● **AIM OF THE EXERCISE**: In the records below, the line with "Michael Irvin Signed" opens the range and the line with "蔡司原位電鏡解決方案可實現自" closes it; print that range exactly and nothing else.

DATA FOR REVIEW below:

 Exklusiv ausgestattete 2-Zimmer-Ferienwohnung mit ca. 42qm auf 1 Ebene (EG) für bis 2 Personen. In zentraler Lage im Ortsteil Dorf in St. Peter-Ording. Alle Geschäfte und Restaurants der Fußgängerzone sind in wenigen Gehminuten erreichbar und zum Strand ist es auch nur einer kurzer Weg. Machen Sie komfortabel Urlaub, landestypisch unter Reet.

End of DATA FOR REVIEW.
DATA FOR REVIEW below:

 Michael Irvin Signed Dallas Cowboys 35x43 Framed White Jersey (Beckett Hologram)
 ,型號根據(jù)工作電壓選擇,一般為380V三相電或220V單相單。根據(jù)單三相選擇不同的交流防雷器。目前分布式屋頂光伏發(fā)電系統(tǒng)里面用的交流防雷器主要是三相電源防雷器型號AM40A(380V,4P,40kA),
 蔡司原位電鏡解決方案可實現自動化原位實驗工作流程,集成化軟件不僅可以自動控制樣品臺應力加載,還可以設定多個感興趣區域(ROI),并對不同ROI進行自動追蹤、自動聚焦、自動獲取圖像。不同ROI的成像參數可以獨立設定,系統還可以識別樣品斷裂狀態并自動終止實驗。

End of DATA FOR REVIEW.

● **EXERCISE OUTPUT**:
 Michael Irvin Signed Dallas Cowboys 35x43 Framed White Jersey (Beckett Hologram)
 ,型號根據(jù)工作電壓選擇,一般為380V三相電或220V單相單。根據(jù)單三相選擇不同的交流防雷器。目前分布式屋頂光伏發(fā)電系統(tǒng)里面用的交流防雷器主要是三相電源防雷器型號AM40A(380V,4P,40kA),
 蔡司原位電鏡解決方案可實現自動化原位實驗工作流程,集成化軟件不僅可以自動控制樣品臺應力加載,還可以設定多個感興趣區域(ROI),并對不同ROI進行自動追蹤、自動聚焦、自動獲取圖像。不同ROI的成像參數可以獨立設定,系統還可以識別樣品斷裂狀態并自動終止實驗。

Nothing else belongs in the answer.